Center for Human Genetics, Facultad de Medicina, Clínica Alemana-Universidad del Desarrollo.
Biol Res. 2009;42(4):461-8. Epub 2010 Jan 29.
Microdeletion 22q11 in humans causes velocardiofacial and DiGeorge syndromes. Most patients share a common 3Mb deletion, but the clinical manifestations are very heterogeneous. Congenital heart disease is present in 50-80% of patients and is a significant cause of morbidity and mortality. The phenotypic variability suggests the presence of modifiers. Polymorphisms in the VEGFA gene, coding for the vascular endothelial growth factor A, have been associated with non-syndromic congenital heart disease, as well as with the presence of cardiovascular anomalies in patients with microdeletion 22q11. We evaluated the association of VEGFA polymorphisms c.-2578C>A (rs699947), c.-1154G>A (rs1570360) and c.-634C>G (rs2010963) with congenital heart disease in Chilean patients with microdeletion 22q11. The study was performed using case-control and family-based association designs. We evaluated 122 patients with microdeletion 22q11 and known anatomy of the heart and great vessels, and their parents. Half the patients had congenital heart disease. We obtained no evidence of association by either method of analysis. Our results provide further evidence of the incomplete penetrance of the cardiovascular phenotype of microdeletion 22ql 1, but do not support association between VEGFA promoter polymorphisms and the presence of congenital heart disease in Chilean patients with this syndrome.
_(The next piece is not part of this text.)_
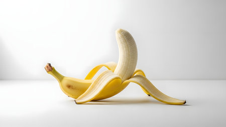 One peeled banana partially revealed on a white background, minimalist aesthetic, food detail focus

人类 22q11 微缺失导致心脏血管型和面中部发育不全综合征和 DiGeorge 综合征。大多数患者共享一个共同的 3Mb 缺失,但临床表现非常异质。先天性心脏病在 50-80%的患者中存在,是发病率和死亡率的重要原因。表型的可变性表明存在修饰因子。血管内皮生长因子 A(VEGFA)基因的多态性与非综合征性先天性心脏病以及 22q11 微缺失患者心血管异常的存在有关。我们评估了 VEGFA 基因多态性 c.-2578C>A(rs699947)、c.-1154G>A(rs1570360)和 c.-634C>G(rs2010963)与智利患有 22q11 微缺失的患者的先天性心脏病的相关性。该研究使用病例对照和基于家庭的关联设计进行。我们评估了 122 名患有 22q11 微缺失且已知心脏和大血管解剖结构的患者及其父母。一半的患者患有先天性心脏病。我们没有通过任何一种分析方法获得关联的证据。我们的结果进一步证明了 22ql1 微缺失心血管表型的不完全外显率,但不支持 VEGFA 启动子多态性与智利患有这种综合征的患者先天性心脏病之间的关联。